Besides supporting an organization that's lacking in financial transparency, those users who retweeted #StopKony were largely unaware of the solutions Invisible Children proposes to end child soldiering. Military intervention and economic development initiatives with distinctly colonialist undertones are considered the ultimate answer for ending the influence of the LRA, which left Uganda in 2006.

The organization also does not publicize the fact that the U.S. Africa Command has already sent troops to seek Kony on multiple occasions. These failed missions only exacerbated the killing of children — Kony's bodyguards — in retaliation. Instead of first looking toward indigenous solutions to approach this complex historical and political conflict, Invisible Children simplifies the issue to good versus evil. Thus IC's humanitarian agenda shields it from any kind of criticism — after all, who doesn't want to end child warfare in Africa?

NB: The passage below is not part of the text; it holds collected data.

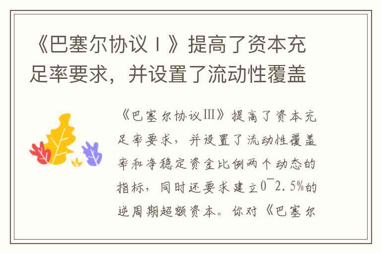 《巴塞尔协议Ⅰ》提高了资本充足率要求,并设置了流动性覆盖率和净稳定资金比例两个动态的指标,同时还要求建立0~2.5%的逆周期超额资本。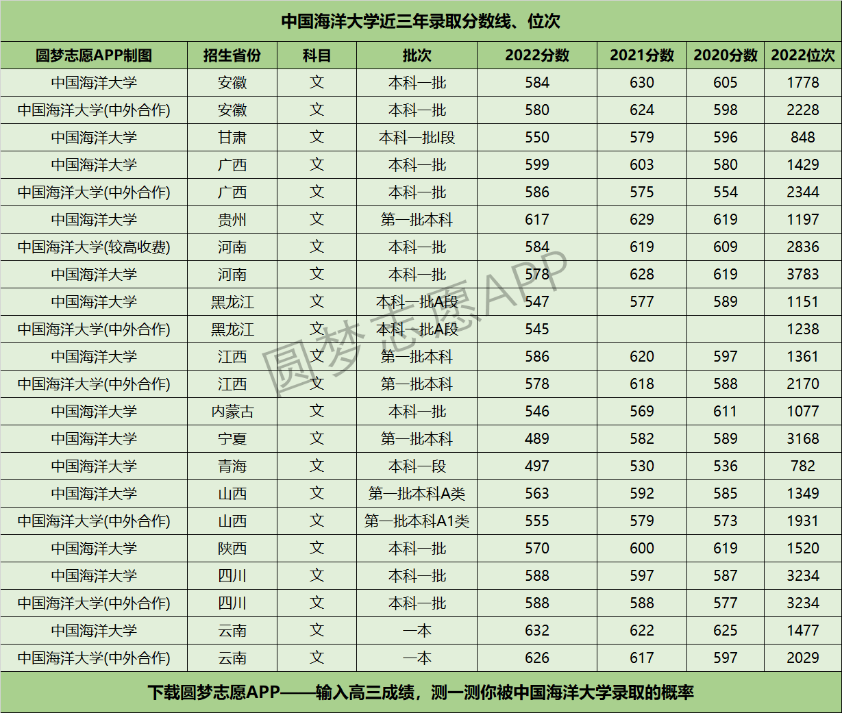 二、中国海洋大学近三年录取分数线及位次【文科版】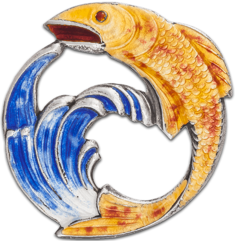 With all the rain we are having, I decided a fish would be an appropriate brooch for wet July. This enamel brooch was manufactured by A H Darby & Son, who were based in Birmingham. It is hallmarked for 1946. After WWII materials for luxury items were in scarce supply in the UK. It is interesting to compare the quality of enamelling work on this brooch with that of the Norwegian enamellists who emerged a few years later during the 1950s and onwards. The enamelling on the fish brooch is good, but not nearly to the same standard or finesse of the Norwegian enamellists. I have a number of brooches by a variety of Norwegian designers, for example, Karl Rasmussen, Oystein Balle and Will Winæss who worked for David Andersen. They have a delicacy of touch which is missing in the fish brooch.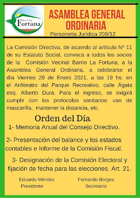 Convocatoria Asamblea Anual Ordinaria: Viernes 29/01/2021 - Hora 19_ Anfiteatro de Parque Recreativo
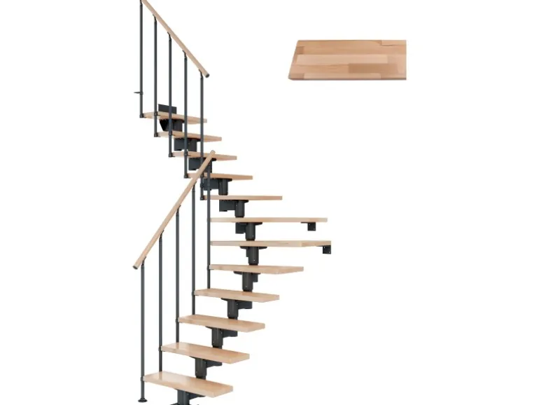 Stufenanzahl/-Material: 13 Stufen, Buche, lakiert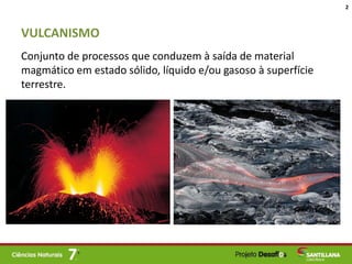 O documento discute o vulcanismo, definindo-o como o conjunto de processos que conduzem à saída de material magmático à superfície terrestre. Explica que os vulcões se localizam principalmente nos limites das placas tectônicas e que existem dois tipos principais de vulcanismo - efusivo e explosivo - determinados pela viscosidade da lava e teor de gases. Também destaca alguns benefícios do vulcanismo para os humanos, como a fertilidade dos solos.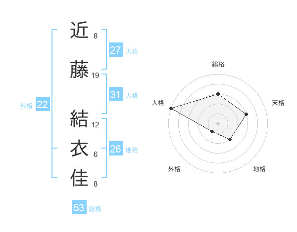 近藤 結衣佳さんを姓名の画数から五運を鑑定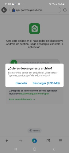 Alternativamente, en el dispositivo que desea supervisar, visite apk.parentalguard.com para descargarlo e instalarlo.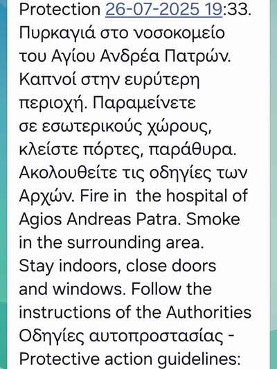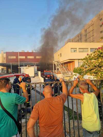 Το νοσοκομείο σήμερα δεν εφημερεύει. Η φωτιά ξέσπασε στη νέα πτέρυγα του νοσοκομείου και φαίνεται να ξεκίνησε από τα υπόγεια, όπου σύμφωνα με πληροφορίες υπάρχουν υλικά
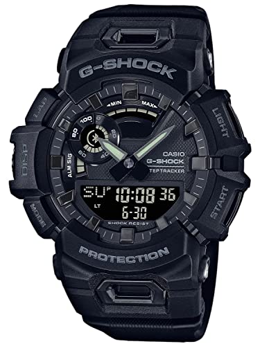 Casio - ساعة رياضية للنساء من كاسيو بعرض أنالوج وسوار من الفولاذ المقاوم للصدأ، لون أسود، موديل GBA-900-1ADR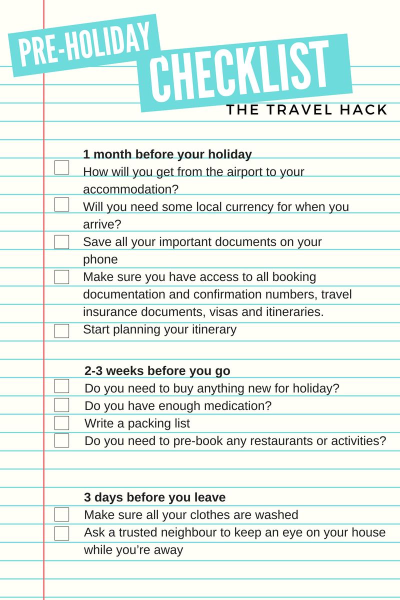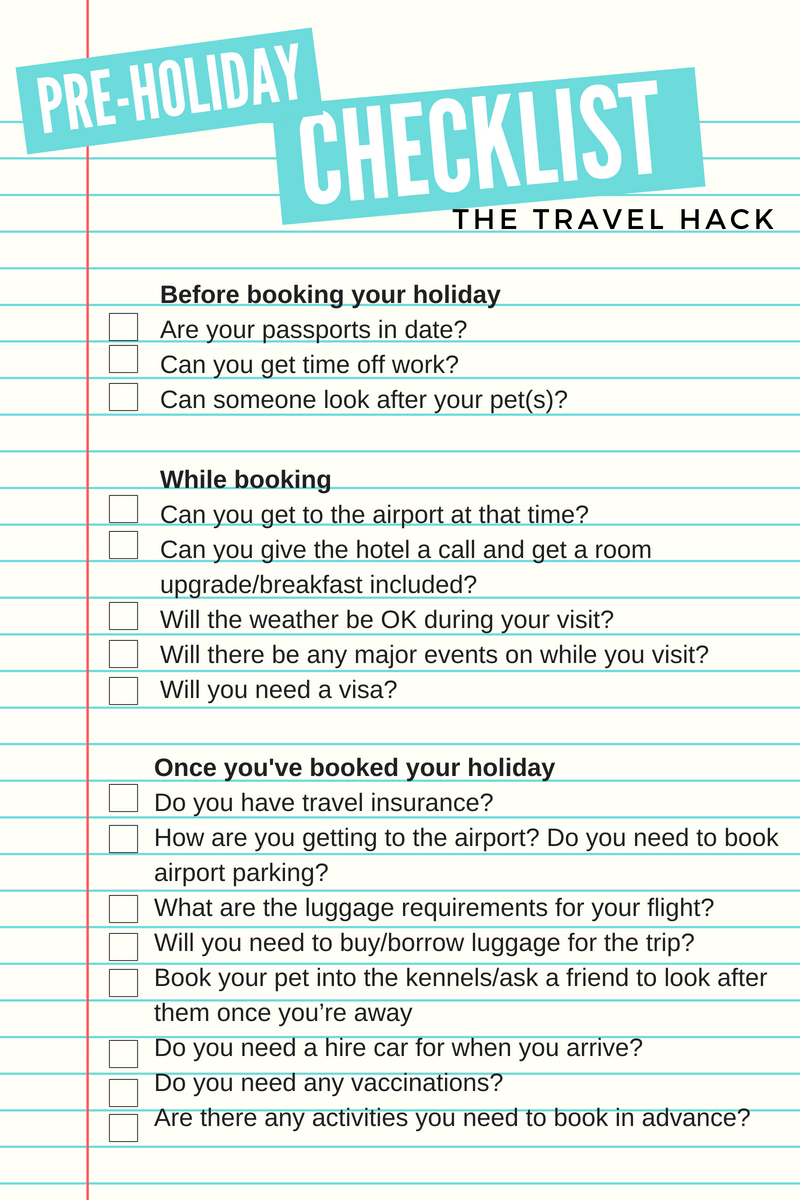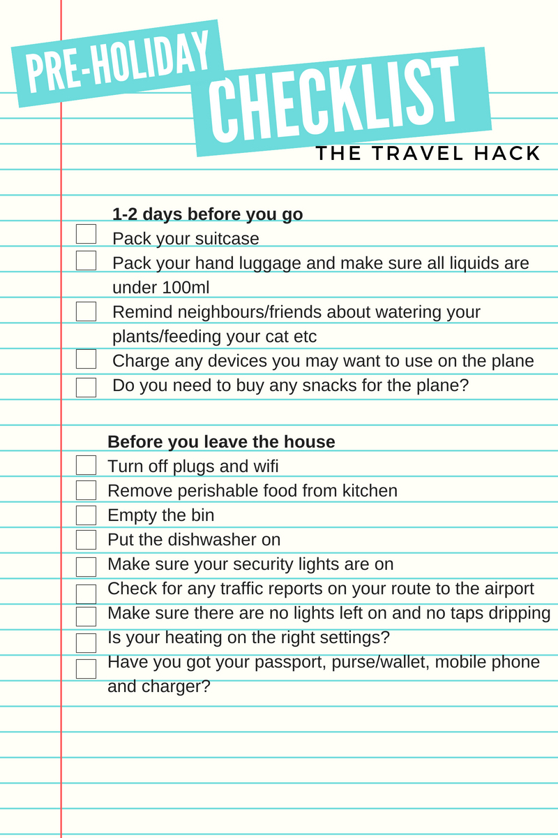 So I’ve created this pre-holiday check-list so you tick the boxes as you organise and book every element of your holiday.

I'm not discrediting the terrible reality of the situation. Joseph Kony's evil is undeniable, I'm just not sure exactly how we #StopKony. But there is something to be said about the way people so fervently took up this cause without fully knowing the organization promoting the hashtag. It's ironic that the "Invisible" Children are just now gaining momentum online, because for many local and regional communities, these children have been visible for over 25 years. It's only now — when an expensive, artsy new video takes over Twitter — that child soldiers receive widespread attention.

Social media has revolutionized the way we share and consume media, but that doesn't free us from our responsibility to research and form individual opinions.

Instead of re-posting something our friends "like," we must be diligent about looking into the causes we champion. I just ask that you find out who you support when you hit that "send" button.